■ DATA TO PROCESS ■
>>>

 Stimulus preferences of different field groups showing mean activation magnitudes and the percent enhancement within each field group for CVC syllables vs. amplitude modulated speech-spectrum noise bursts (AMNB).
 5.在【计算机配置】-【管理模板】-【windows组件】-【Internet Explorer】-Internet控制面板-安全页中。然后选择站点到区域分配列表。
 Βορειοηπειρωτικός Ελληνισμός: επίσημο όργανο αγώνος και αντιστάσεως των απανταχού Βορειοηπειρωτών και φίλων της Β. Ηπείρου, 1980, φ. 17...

<<<
>>>

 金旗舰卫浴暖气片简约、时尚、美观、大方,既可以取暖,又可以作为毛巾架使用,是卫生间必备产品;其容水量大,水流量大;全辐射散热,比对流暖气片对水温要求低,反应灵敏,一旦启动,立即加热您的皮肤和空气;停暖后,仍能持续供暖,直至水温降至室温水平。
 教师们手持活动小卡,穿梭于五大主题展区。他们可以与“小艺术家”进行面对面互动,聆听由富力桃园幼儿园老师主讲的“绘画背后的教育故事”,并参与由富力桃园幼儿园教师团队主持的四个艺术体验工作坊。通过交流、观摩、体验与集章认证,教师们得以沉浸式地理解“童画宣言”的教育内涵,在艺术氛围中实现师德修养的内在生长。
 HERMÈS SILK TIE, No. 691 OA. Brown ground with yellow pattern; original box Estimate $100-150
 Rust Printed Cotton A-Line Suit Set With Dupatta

<<<
>>>

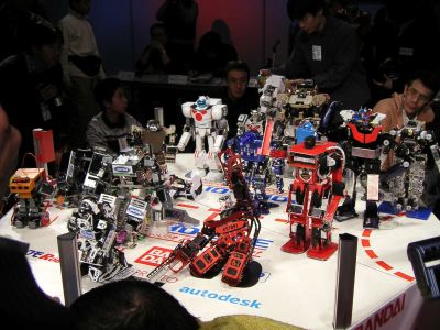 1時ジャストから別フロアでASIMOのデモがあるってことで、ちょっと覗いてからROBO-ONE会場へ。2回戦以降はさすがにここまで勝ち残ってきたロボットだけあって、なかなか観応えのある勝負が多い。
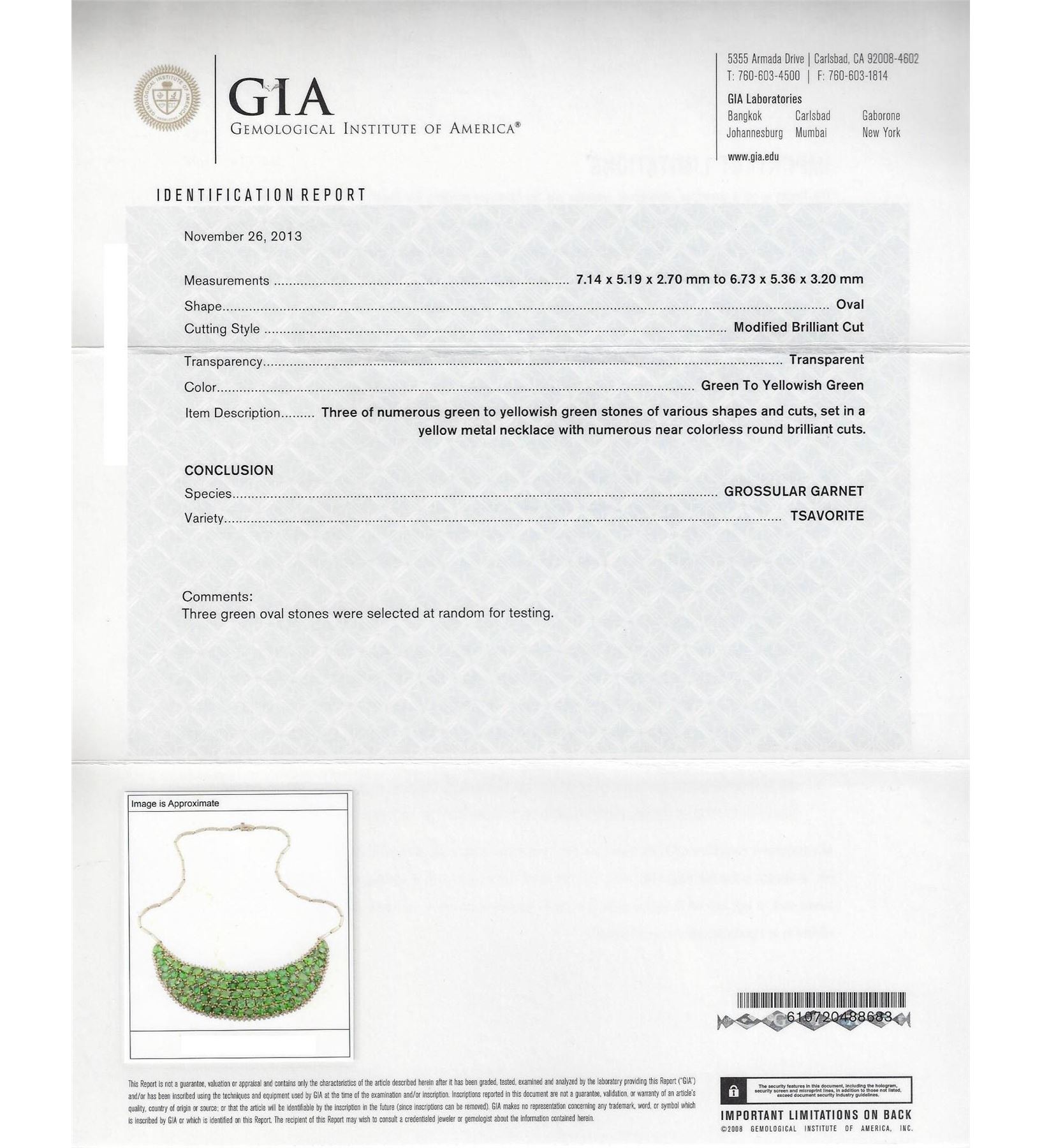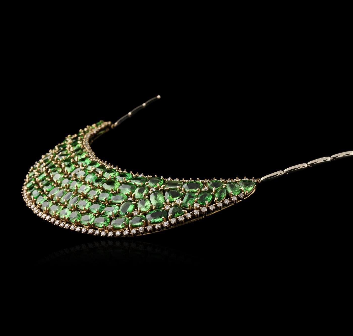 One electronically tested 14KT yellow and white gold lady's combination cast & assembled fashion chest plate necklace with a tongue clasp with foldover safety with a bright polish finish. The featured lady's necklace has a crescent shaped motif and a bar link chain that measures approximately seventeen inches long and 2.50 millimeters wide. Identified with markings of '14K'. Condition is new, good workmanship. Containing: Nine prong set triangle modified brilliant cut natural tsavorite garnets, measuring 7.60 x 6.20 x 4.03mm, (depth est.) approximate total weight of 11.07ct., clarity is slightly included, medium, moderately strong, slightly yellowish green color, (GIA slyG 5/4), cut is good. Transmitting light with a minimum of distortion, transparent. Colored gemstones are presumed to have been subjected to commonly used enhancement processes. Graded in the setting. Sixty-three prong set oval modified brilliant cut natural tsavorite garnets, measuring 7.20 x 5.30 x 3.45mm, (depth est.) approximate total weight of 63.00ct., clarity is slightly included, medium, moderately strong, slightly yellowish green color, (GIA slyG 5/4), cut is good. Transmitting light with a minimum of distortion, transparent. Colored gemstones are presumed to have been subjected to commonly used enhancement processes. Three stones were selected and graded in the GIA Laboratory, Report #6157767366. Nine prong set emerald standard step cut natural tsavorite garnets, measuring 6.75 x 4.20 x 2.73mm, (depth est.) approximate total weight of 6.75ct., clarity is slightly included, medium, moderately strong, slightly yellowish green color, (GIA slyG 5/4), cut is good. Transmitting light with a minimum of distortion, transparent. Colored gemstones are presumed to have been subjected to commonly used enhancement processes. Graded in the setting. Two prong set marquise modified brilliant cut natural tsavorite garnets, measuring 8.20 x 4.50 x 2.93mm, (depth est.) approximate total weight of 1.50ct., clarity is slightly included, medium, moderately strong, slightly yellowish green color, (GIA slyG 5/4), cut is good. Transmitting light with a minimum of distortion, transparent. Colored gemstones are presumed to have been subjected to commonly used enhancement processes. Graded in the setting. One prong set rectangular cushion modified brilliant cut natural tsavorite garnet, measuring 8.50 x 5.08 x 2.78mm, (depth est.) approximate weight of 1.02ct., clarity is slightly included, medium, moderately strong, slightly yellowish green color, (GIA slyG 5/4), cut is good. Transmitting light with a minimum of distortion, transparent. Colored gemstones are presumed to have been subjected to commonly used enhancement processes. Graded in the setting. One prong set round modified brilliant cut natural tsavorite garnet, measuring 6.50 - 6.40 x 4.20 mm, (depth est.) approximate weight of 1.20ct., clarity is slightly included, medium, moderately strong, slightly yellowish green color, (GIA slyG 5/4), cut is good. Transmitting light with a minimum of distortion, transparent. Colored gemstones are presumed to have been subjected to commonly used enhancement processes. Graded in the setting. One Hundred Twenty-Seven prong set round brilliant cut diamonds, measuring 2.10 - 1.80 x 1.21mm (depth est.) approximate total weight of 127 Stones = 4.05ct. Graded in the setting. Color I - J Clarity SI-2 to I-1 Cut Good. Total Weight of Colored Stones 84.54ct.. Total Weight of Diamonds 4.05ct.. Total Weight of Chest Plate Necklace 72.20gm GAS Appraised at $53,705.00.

<<<

Wherever the line holding "金旗舰卫浴暖气片简约、时尚、" falls in the entries above, copy exactly from it through the line holding "Rust Printed Cotton", inclusive, and add nothing.

■ TASK OUTPUT ■
 金旗舰卫浴暖气片简约、时尚、美观、大方,既可以取暖,又可以作为毛巾架使用,是卫生间必备产品;其容水量大,水流量大;全辐射散热,比对流暖气片对水温要求低,反应灵敏,一旦启动,立即加热您的皮肤和空气;停暖后,仍能持续供暖,直至水温降至室温水平。
 教师们手持活动小卡,穿梭于五大主题展区。他们可以与“小艺术家”进行面对面互动,聆听由富力桃园幼儿园老师主讲的“绘画背后的教育故事”,并参与由富力桃园幼儿园教师团队主持的四个艺术体验工作坊。通过交流、观摩、体验与集章认证,教师们得以沉浸式地理解“童画宣言”的教育内涵,在艺术氛围中实现师德修养的内在生长。
 HERMÈS SILK TIE, No. 691 OA. Brown ground with yellow pattern; original box Estimate $100-150
 Rust Printed Cotton A-Line Suit Set With Dupatta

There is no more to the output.